--- Input data ---

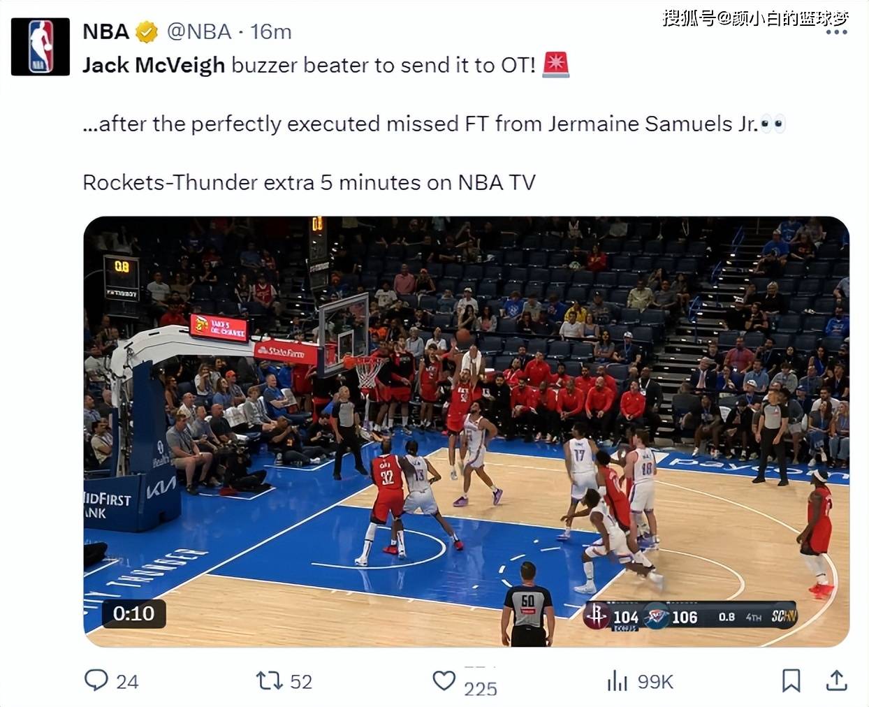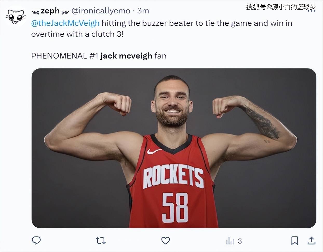 此役麦克维打了7分40秒,4中3,三分2中1,拿到7分4篮板,加时赛的那个三分球直接锁定胜局,有火箭球迷表示自己已经成为了麦克维的忠实粉丝。
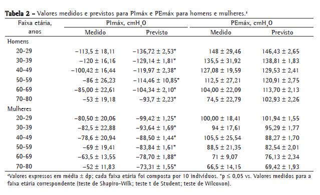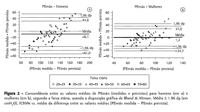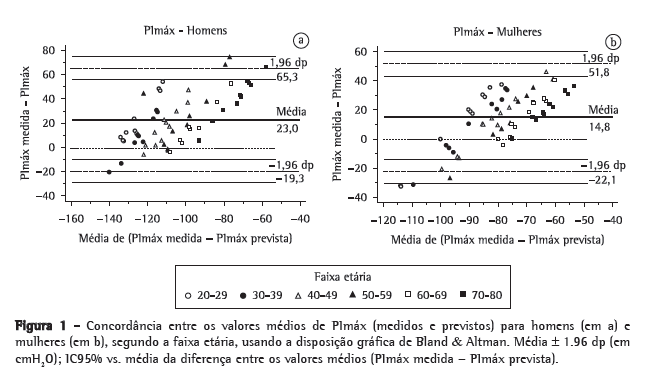Para homens: PImáx: y = −0,80 × idade + 155,3 PEmáx: y = −0,81 × idade + 165,3 Para mulheres: PImáx: y = −0,49 × idade + 110,4 PEmáx: y = −0,61 × idade + 115,6 Os dados foram analisados estatisticamente por meio do programa Statistical Package for the Social Sciences, versão 11.0 (SPSS Inc., Chicago, IL, EUA). Inicialmente, para comparar os valores medidos com aqueles previstos através das equações propostas por Neder et al.,(6) o teste de Shapiro-Wilk foi usado para a avaliação de distribuição normal. O teste t de Student foi usado para variáveis com distribuição normal, ao passo que o teste de Wilcoxon foi usado para as variáveis que não apresentaram distribuição normal. Para a disposição gráfica de Bland & Altman, foi usado o programa Medcalc, versão 9.4.1.0 (MedCalc Software, Mariakerke, Bélgica).
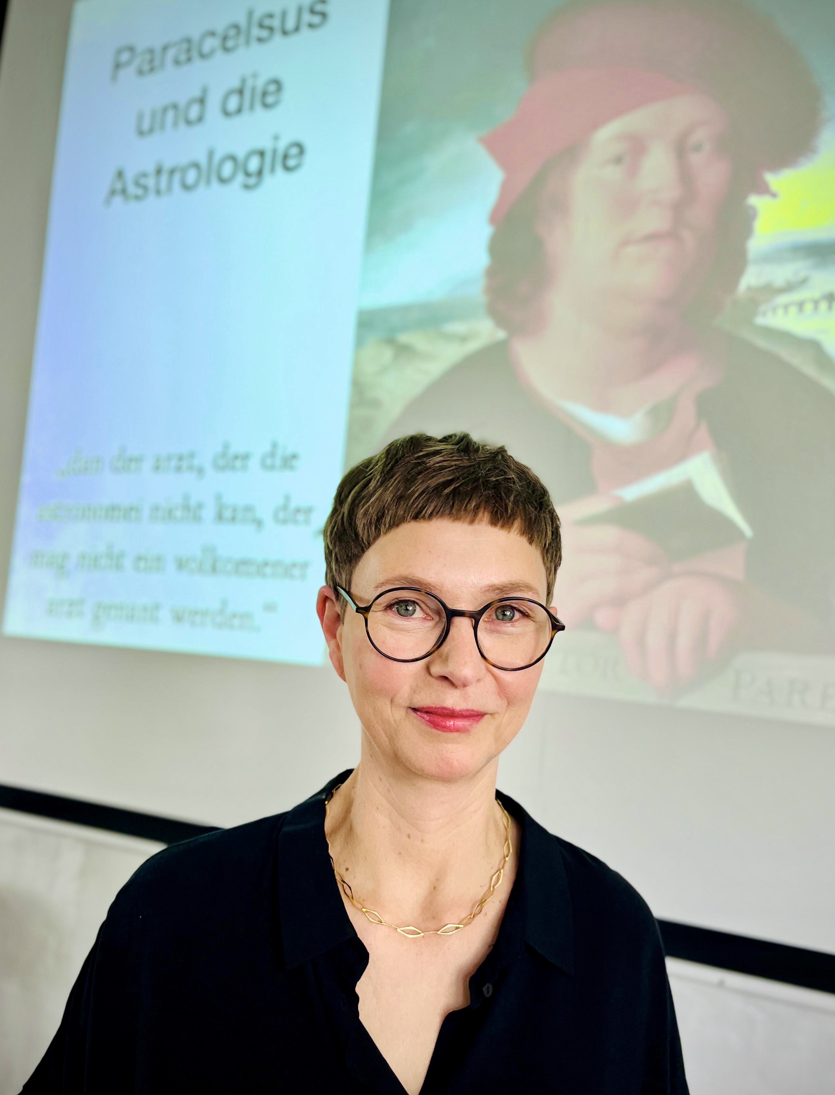 Der Tag begann mit einem Vortrag, in dem ich die Ergebnisse meiner Untersuchungen zur Anwendung und zum Verständnis der Astrologie bei Paracelsus vorstellte. Die größten Überraschungen waren für mich, dass Paracelsus die Geburtsastrologie strikt ablehnte – und dass er mit seinen Forderungen nach Reformen in Diagnostik und Therapie maßgeblich dazu beitrug, dass die Astrologie an den Universitäten an Bedeutung verlor. Mein Vortrag erklärte die Hintergründe dieser Entwicklung und zeigte auf, inwiefern Paracelsus dennoch die Astrologie als unverzichtbare Säule der Medizin betrachtete.
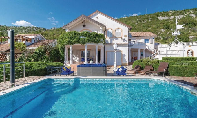 If you choose this vacation home as your vacation residence, you are assured of a magnificent panoramic view. This luxurious villa consists of five separate and differently designed living units, which are connected by external staircases. All units are very tastefully and modernly furnished. Four of these units have their own fireplace. Bedroom 1 runs over 2 levels. Here there is a round double bed and a picture with the family tree of the royal family Kotromanic. In front of the generously sized pool there are sun loungers for you to relax, where you can also enjoy the impressive panorama. The same can be said of the covered terrace, where more cozy garden furniture is waiting for you to settle down and relax in them. In the living room, stylish and very tasteful furnishings and decoration await you. On cool evenings, the beautiful fireplace stove radiates soothing warmth and invites you to cozy up. Furthermore, in the villa you will find numerous works of art from the collection of the family of the house owner. On the first floor there is a small kitchen with a spacious dining room. The long table will comfortably seat your family, ideal for sharing vacation experiences. The spacious yard offers ideal conditions for playing children. Beautiful pebble and sandy beaches are just a few kilometers away, the towns of Seline and Starigrad-Paklenica and invite guests to sunbathe and swim. In the nearby surroundings you also have many opportunities to spend your vacation actively and culturally.
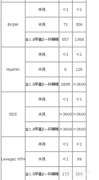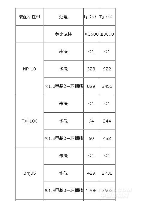 由表4可知,滌綸參比試樣,經(jīng)一般水洗后和徹底水洗后,試樣的潤濕時間均大于3600秒,表明滌綸纖維是疏水的。經(jīng)表面活性劑處理后,潤濕時間均小于1秒;經(jīng)兩種不同洗滌工藝洗滌后,表明用含環(huán)糊精水洗的能更有效去除滌綸纖維表面上的表面活性劑。
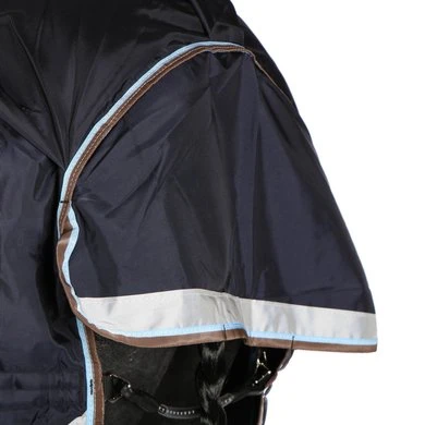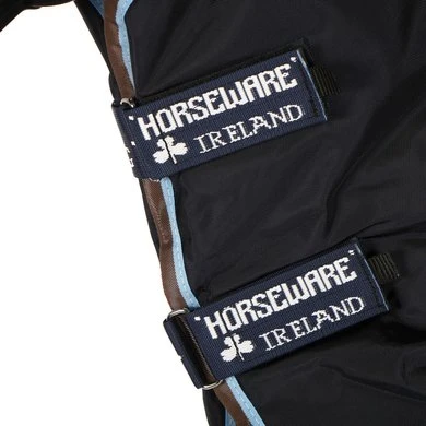 De Rambo Duo Turnout is gemaakt van zeer duurzaam en sterk materiaal. De buitenstof is gemaakt van zeer sterk 1000D ballistic nylon, dit materiaal wordt ook gebruikt voor kogelvrije vesten. Deze stof is veel duurzamer dan andere soorten dekens en halsstukken van nylon. De deken is 100% waterdicht en de binnenzijde van de deken is voorzien van een permanente polyester antistatische en antibacteriële laag. Dankzij deze laag wordt de groei van bacteriën geremd, hierdoor wordt de kans op infecties en allergieën verminderd. De deken heeft een V-front sluiting, wat voor bewegingsvrijheid om te grazen zorgt. De deken bevat anatomische beenbogen voor meer bewegingsvrijheid bij de benen, reflecterende strips, een bilkoord met hygiënisch kunststof omhulsel, extra grote staartflap, afneembare hals en drie kruissingels. De deken heeft een vulling van 100 gram en is voorzien van het Horseware Linersysteem. Deze deken wordt geleverd inclusief 300 grams liner en 100 grams halsstuk.
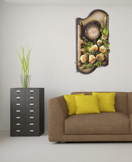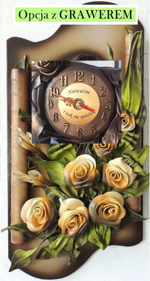 Zegar ścienny z różami ze skóry RĘKODZIEŁO ARTYSTYCZNE na prezent jubileuszowy Z3-6
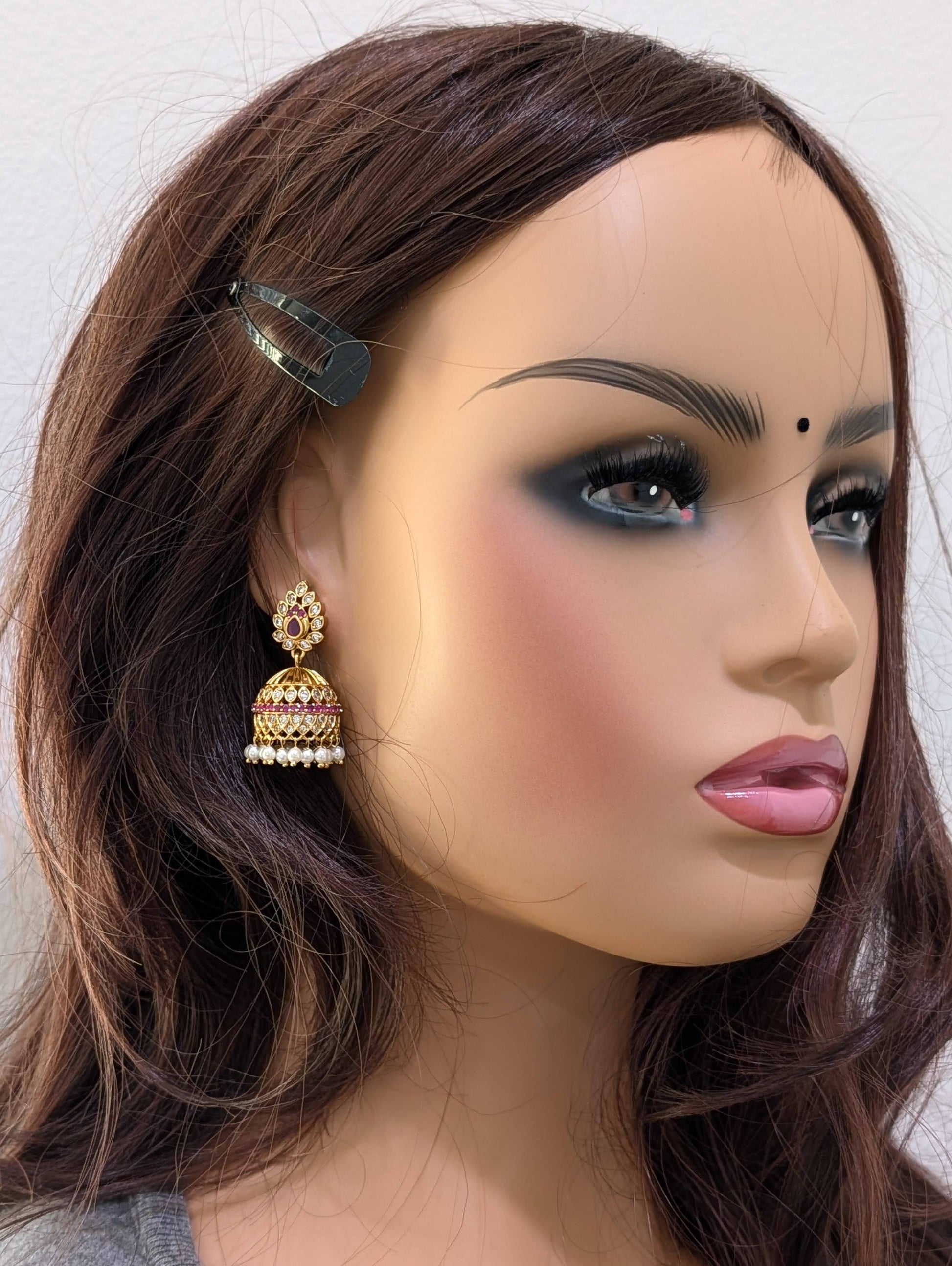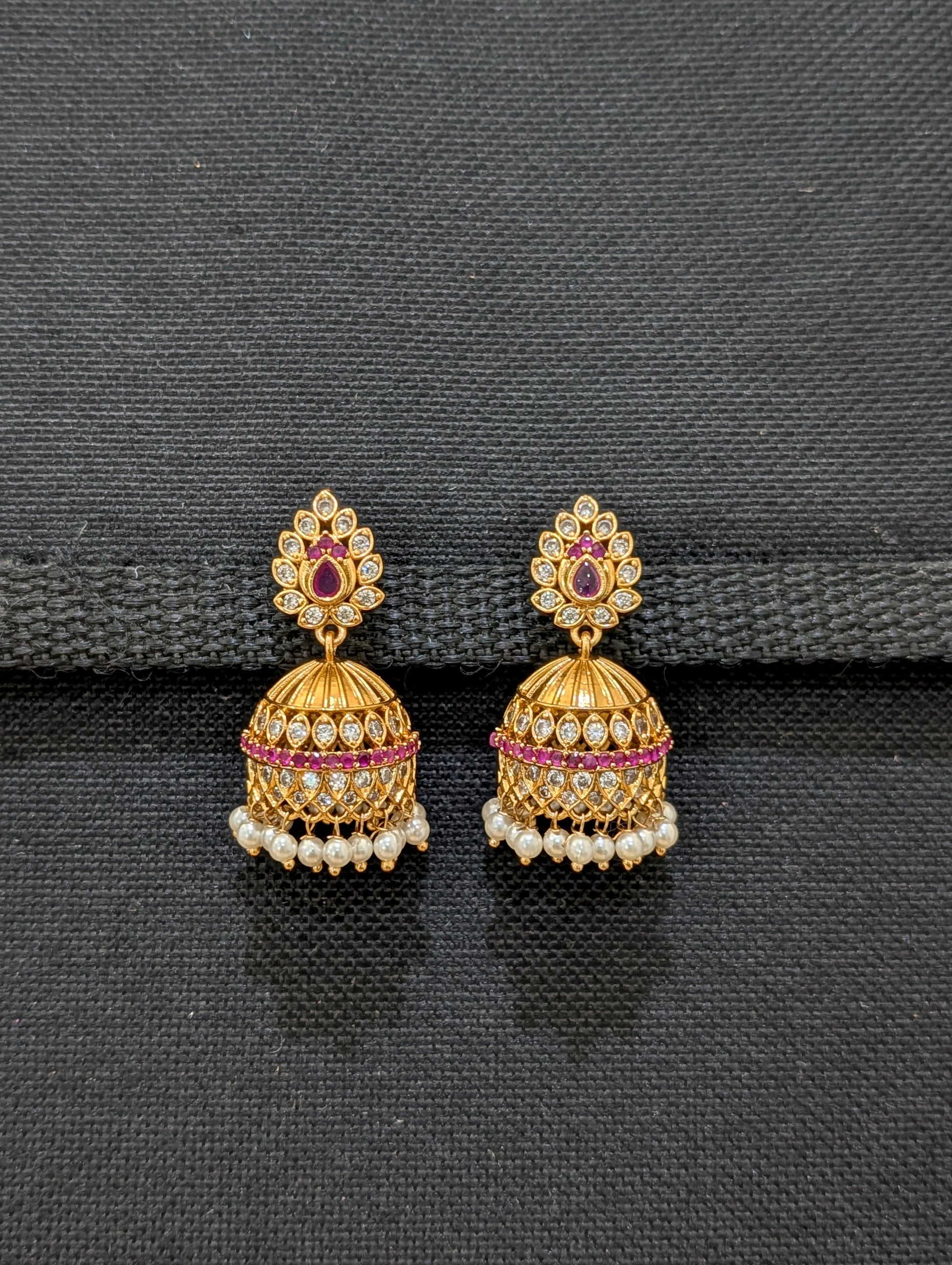 Antique shiny gold plated CZ stone Jhumka Earrings.

---

Return every entry word for word, but drop any pictures.

Result -
 此役麦克维打了7分40秒,4中3,三分2中1,拿到7分4篮板,加时赛的那个三分球直接锁定胜局,有火箭球迷表示自己已经成为了麦克维的忠实粉丝。
Para homens: PImáx: y = −0,80 × idade + 155,3 PEmáx: y = −0,81 × idade + 165,3 Para mulheres: PImáx: y = −0,49 × idade + 110,4 PEmáx: y = −0,61 × idade + 115,6 Os dados foram analisados estatisticamente por meio do programa Statistical Package for the Social Sciences, versão 11.0 (SPSS Inc., Chicago, IL, EUA). Inicialmente, para comparar os valores medidos com aqueles previstos através das equações propostas por Neder et al.,(6) o teste de Shapiro-Wilk foi usado para a avaliação de distribuição normal. O teste t de Student foi usado para variáveis com distribuição normal, ao passo que o teste de Wilcoxon foi usado para as variáveis que não apresentaram distribuição normal. Para a disposição gráfica de Bland & Altman, foi usado o programa Medcalc, versão 9.4.1.0 (MedCalc Software, Mariakerke, Bélgica).
 Der Tag begann mit einem Vortrag, in dem ich die Ergebnisse meiner Untersuchungen zur Anwendung und zum Verständnis der Astrologie bei Paracelsus vorstellte. Die größten Überraschungen waren für mich, dass Paracelsus die Geburtsastrologie strikt ablehnte – und dass er mit seinen Forderungen nach Reformen in Diagnostik und Therapie maßgeblich dazu beitrug, dass die Astrologie an den Universitäten an Bedeutung verlor. Mein Vortrag erklärte die Hintergründe dieser Entwicklung und zeigte auf, inwiefern Paracelsus dennoch die Astrologie als unverzichtbare Säule der Medizin betrachtete.
 If you choose this vacation home as your vacation residence, you are assured of a magnificent panoramic view. This luxurious villa consists of five separate and differently designed living units, which are connected by external staircases. All units are very tastefully and modernly furnished. Four of these units have their own fireplace. Bedroom 1 runs over 2 levels. Here there is a round double bed and a picture with the family tree of the royal family Kotromanic. In front of the generously sized pool there are sun loungers for you to relax, where you can also enjoy the impressive panorama. The same can be said of the covered terrace, where more cozy garden furniture is waiting for you to settle down and relax in them. In the living room, stylish and very tasteful furnishings and decoration await you. On cool evenings, the beautiful fireplace stove radiates soothing warmth and invites you to cozy up. Furthermore, in the villa you will find numerous works of art from the collection of the family of the house owner. On the first floor there is a small kitchen with a spacious dining room. The long table will comfortably seat your family, ideal for sharing vacation experiences. The spacious yard offers ideal conditions for playing children. Beautiful pebble and sandy beaches are just a few kilometers away, the towns of Seline and Starigrad-Paklenica and invite guests to sunbathe and swim. In the nearby surroundings you also have many opportunities to spend your vacation actively and culturally.
 由表4可知,滌綸參比試樣,經(jīng)一般水洗后和徹底水洗后,試樣的潤濕時間均大于3600秒,表明滌綸纖維是疏水的。經(jīng)表面活性劑處理后,潤濕時間均小于1秒;經(jīng)兩種不同洗滌工藝洗滌后,表明用含環(huán)糊精水洗的能更有效去除滌綸纖維表面上的表面活性劑。
 De Rambo Duo Turnout is gemaakt van zeer duurzaam en sterk materiaal. De buitenstof is gemaakt van zeer sterk 1000D ballistic nylon, dit materiaal wordt ook gebruikt voor kogelvrije vesten. Deze stof is veel duurzamer dan andere soorten dekens en halsstukken van nylon. De deken is 100% waterdicht en de binnenzijde van de deken is voorzien van een permanente polyester antistatische en antibacteriële laag. Dankzij deze laag wordt de groei van bacteriën geremd, hierdoor wordt de kans op infecties en allergieën verminderd. De deken heeft een V-front sluiting, wat voor bewegingsvrijheid om te grazen zorgt. De deken bevat anatomische beenbogen voor meer bewegingsvrijheid bij de benen, reflecterende strips, een bilkoord met hygiënisch kunststof omhulsel, extra grote staartflap, afneembare hals en drie kruissingels. De deken heeft een vulling van 100 gram en is voorzien van het Horseware Linersysteem. Deze deken wordt geleverd inclusief 300 grams liner en 100 grams halsstuk.
 Zegar ścienny z różami ze skóry RĘKODZIEŁO ARTYSTYCZNE na prezent jubileuszowy Z3-6
 Antique shiny gold plated CZ stone Jhumka Earrings.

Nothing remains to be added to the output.